Wednesday, February 23, 2011

Childhood


Hayden Myrick
Jernigan
AP Literature
February 23, 2011
“Childhood” by Margaret Walker
            Recounting her days as a young African American, Margaret Walker describes a sensory memory that occurred during her childhood. She lived in Alabama during some of the most intense years of racism. In this Petrarchan sonnet, Walker uses the octave to set up the Volta that occurs in the sestet. The first eight lines seem to disregard any racial tension directed at blacks. One may assume that the miners of Caucasian descent, but she does not directly state this. The continual use of red imagery suggests that race should not matter. Whatever color skin lies beneath the red dust does not matter. All races possess the same capabilities to accomplish the same work and tasks. Walker embraces her heritage indirectly by refraining from wishing she could change her skin color. The red covering suggests that all races possess equal chance of enduring ridicule and discrimination. The only true way to avoid racism completely is to cover one’s skin with a false, unnatural color.

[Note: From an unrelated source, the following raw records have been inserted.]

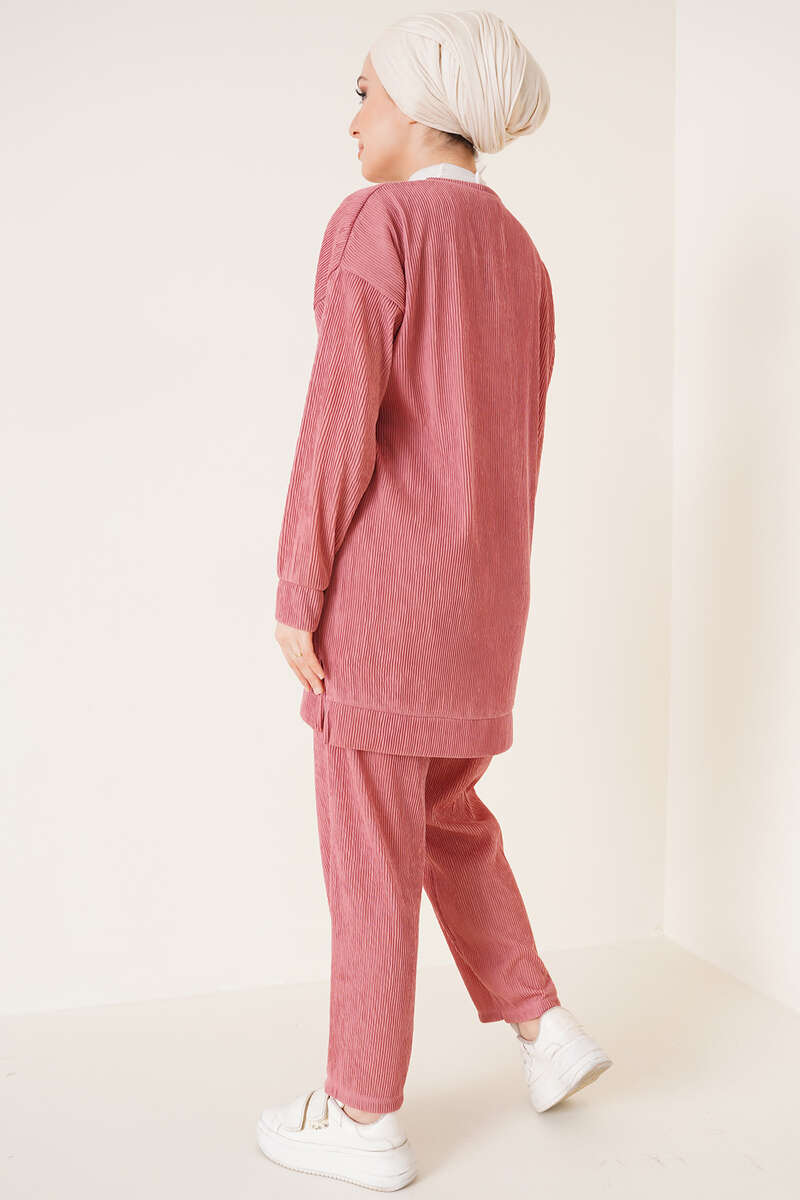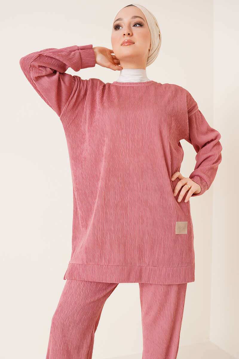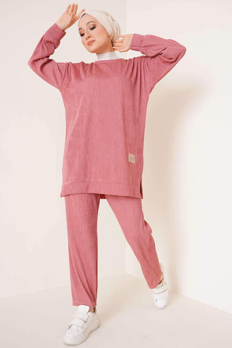 Yeni sezon ikili takımımız harika görünümüyle sizler için geldi. Tuniğimizin önünde deri arma bulunmaktadır. Yanları yırtmaçlıdır. Uzun yapıdadır. Pantolon beli lastikli cepsiz modeldir. Takımımız sportiftir. Oldukça rahattır. Farklı renk seçenekleri mevcuttur.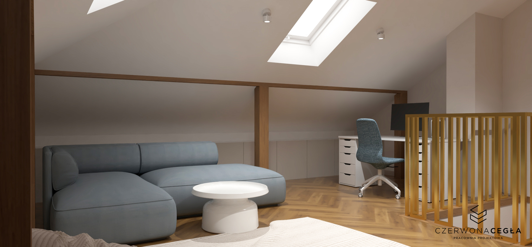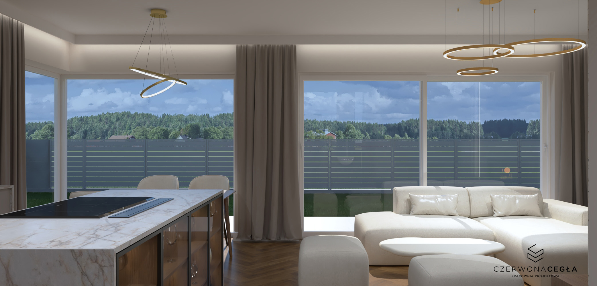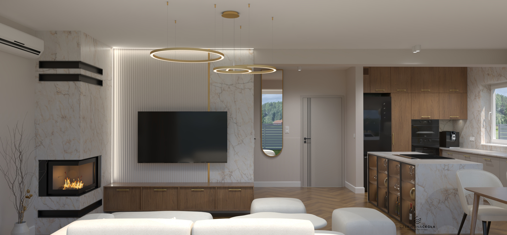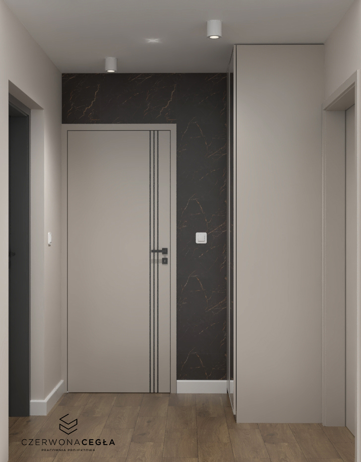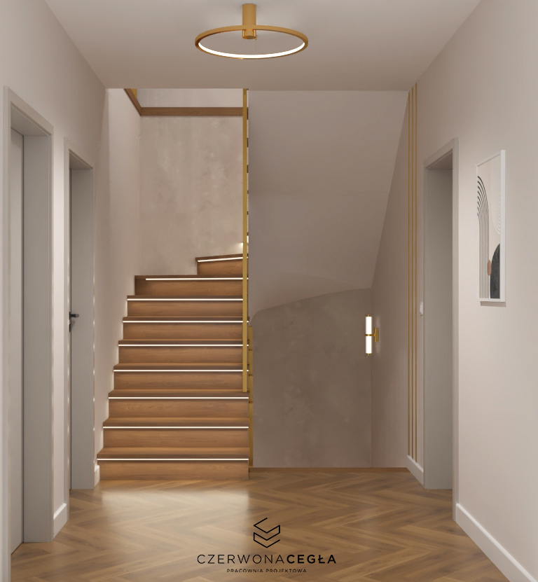 Nowoczesne wnętrze domu z elementami złota łączy elegancję z minimalizmem. Jasna kolorystyka – biele, szarości i beże – stanowi tło dla subtelnych, złotych akcentów w postaci lamp, uchwytów, ram luster czy detali mebli. Proste formy, dużo światła dziennego i otwarte przestrzenie podkreślają nowoczesny charakter, a złoto dodaje wnętrzu luksusu i ciepła, nie przytłaczając aranżacji.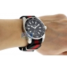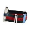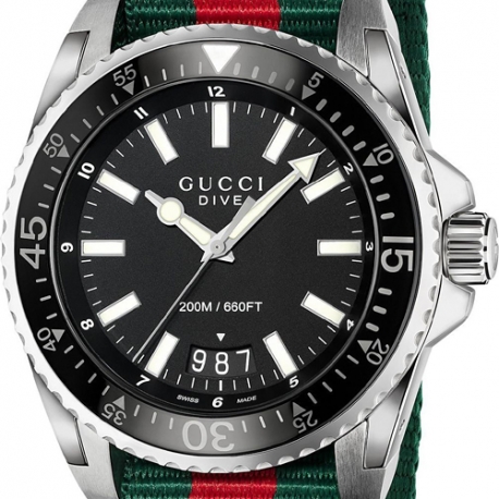 This Gucci YA136206 is designer watch for men, part of Dive collection. It features 45 mm round-shaped case made of stainless steel; unidirectional rotating bezel with black top ring; analog black dial with white hour markers; nylon band of green and red colors; scratch resistant sapphire crystal. The watch is equipped with Swiss quartz movement that has date function. This casual sport timepiece is a great choice!
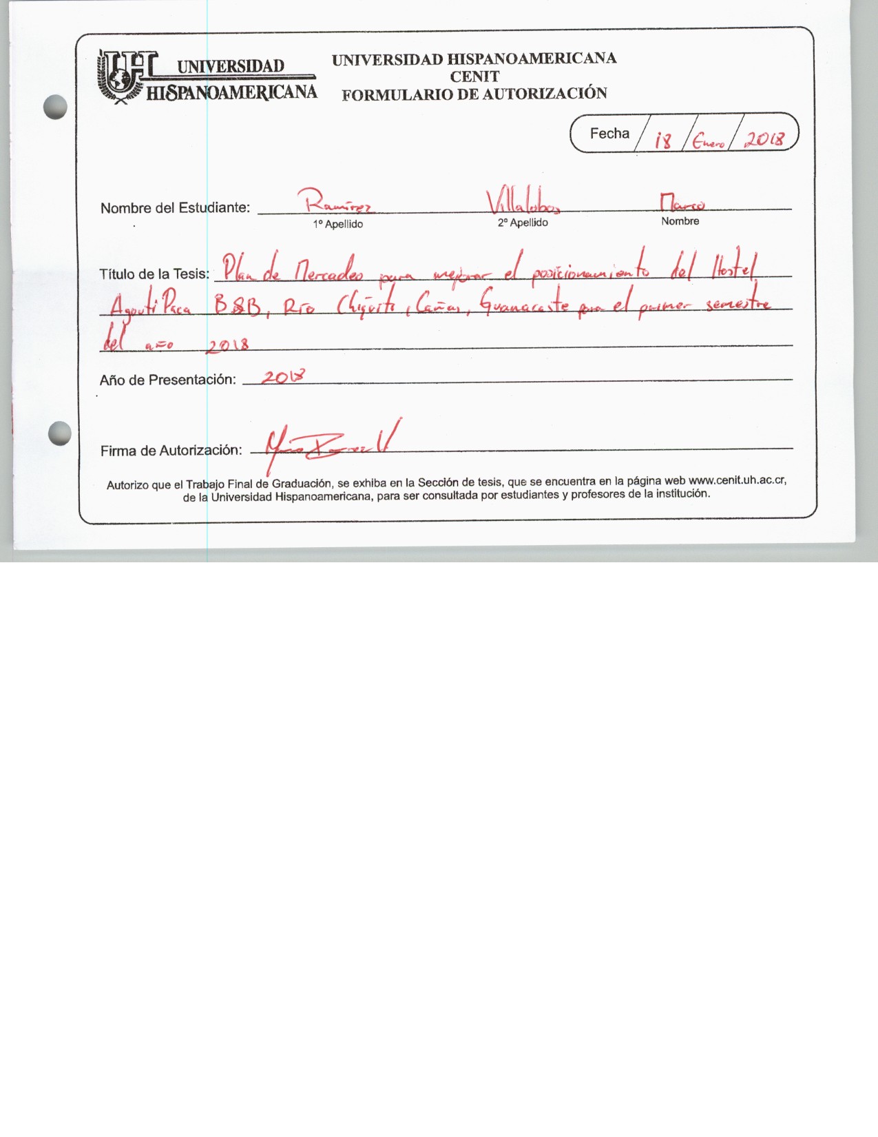Plan de mercadeo para mejorar el posicionamiento del Hostal Agouti Paca B&B, en Rio Chiquito, Cañas, Guanacaste para el primer semestre del año 2018

            The Volta appears in the second half of the poem. Here Walker moves from collective racism into the racism endured by blacks. The “low cotton country” symbolizes the cotton fields in which countless African Americans spent their days working for menial wages. The workers live in “rotting shacks” and constantly deal with “famine, terror, flood, and plague…” These conditions described seem all too common in early twentieth century America. The bitterness within the blacks still remains. Hatred still remains. The comparison between the black skin and the red dust creates conflict within the reader. Its seems that the miners were free to walk about town, looking unnatural in red clay, but the blacks continue to endure the discrimination that the “red men” do not experience.